For HIV, without a mechanistic understanding of whether resistance stabilises at intermediate frequencies, we will not be able to predict the long-term sustainability of the new integrase inhibitor regimens nor understand who is at most risk of drug-resistant infections. Furthermore, our experience with bacterial resistance teaches us that it is also impossible to confidently predict the impact of control strategies without empirically validated models.
Proposed project
This project will seek to develop mathematical models of HIV that capture historical trends in population drug resistance to identify the predicted long-term frequency of resistance to integrase inhibitors and the differences in individual risk. The project will model the country-level resistance frequencies of three main classes of drugs (NNRTI, NRTI and INSTI) and understand how these frequencies are driven by population treatment adherence. For this, the student will use publicly available data on long-term drug resistance frequencies in both high and low middle income countries (collated via reviews and meta-analysis e.g. Gupta et al. 2017, Bertagnolio et al. 2022) and recent data on Dolutegravir resistance emergence and transmission via study collaborators (Loosli et al. 2025).
References
- Gupta, R. K. et al. HIV-1 drug resistance before initiation or re-initiation of first-line antiretroviral therapy in low-income and middle-income countries: a systematic review and meta-regression analysis. Lancet Infect. Dis. 18, 346–355 (2017).

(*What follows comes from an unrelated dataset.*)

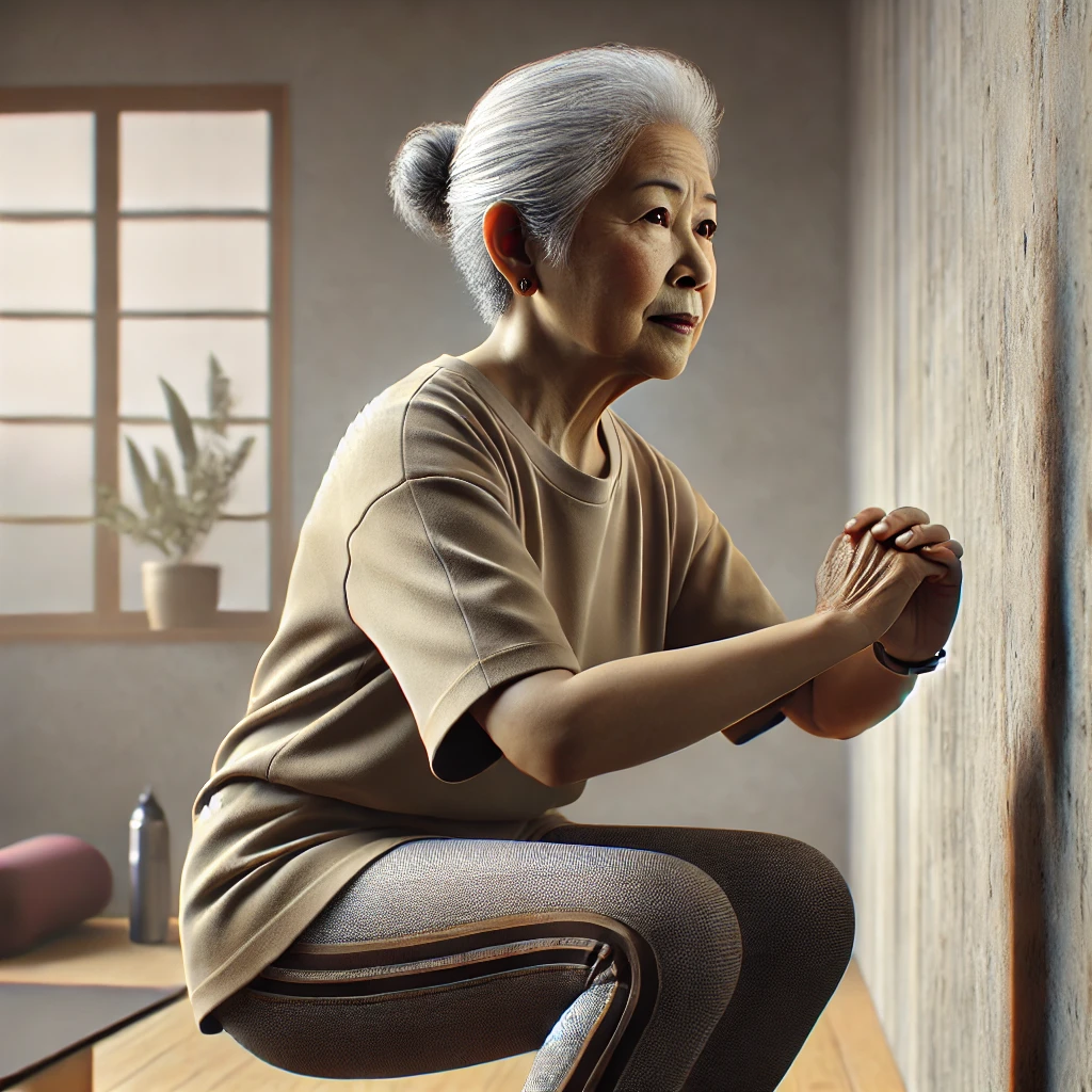 • 운동 방법: 벽에 등을 대고 서서 무릎을 90도로 구부린 채로 앉은 자세를 유지합니다. 이 자세를 10~30초간 유지합니다. 반복 횟수는 체력에 따라 조절할 수 있습니다.

- Bertagnolio, S et al. Epidemiology of HIV drug resistance in low- and middle-income countries and WHO global strategy to monitor its emergence. Current Opinion in HIV and AIDS 17(4):229-239 (2022)
- Loosli, T et al. HIV-1 drug resistance in people on dolutegravir-based antiretroviral therapy: a collaborative cohort analysis The Lancet HIV 10 (11): e733-e741 (2023)
- Davies, N. G. et al. Within-host dynamics shape antibiotic resistance in commensal bacteria. Nat. Ecol. Evol. 3(3):440-449(2019)
- Hauser A et al. Bridging the gap between HIV epidemiology and antiretroviral resistance evolution: Modelling the spread of resistance in South Africa. PLOS Comp Biol 15(6): e1007083 (2019).
The role of LSHTM and NU in this collaborative project
- Katie Atkins is an expert in evolutionary ecology and the modelling of drug resistance. The project will build on her work modelling the emergence and transmission of bacterial and HIV drug resistance. She will lead on the development of the HIV drug resistance models.
- Laura Skrip is an expert on modelling programme implementation and will contribute to the scaling up of the within-host drug resistance model to a national level to understand how different treatment adherence patterns can explain the observed frequency of drug resistance across countries.
Particular prior educational requirements for a student undertaking this project
Proven experience in one or more of the following is desirable:
- Infectious disease epidemiology
- Mathematical modelling
- One scientific programming language (e.g. R, Python).
Skills we expect a student to develop/acquire whilst pursuing this project
The candidate will develop core skills in infectious disease epidemiology (with a particular emphasis on antimicrobial resistance), mathematical modelling, programming (e.g. Python, R, Julia), data analysis, scientific writing, critical literature review, and scientific presentation. The student will be expected to use and develop AI-based approaches as needed within their workflows.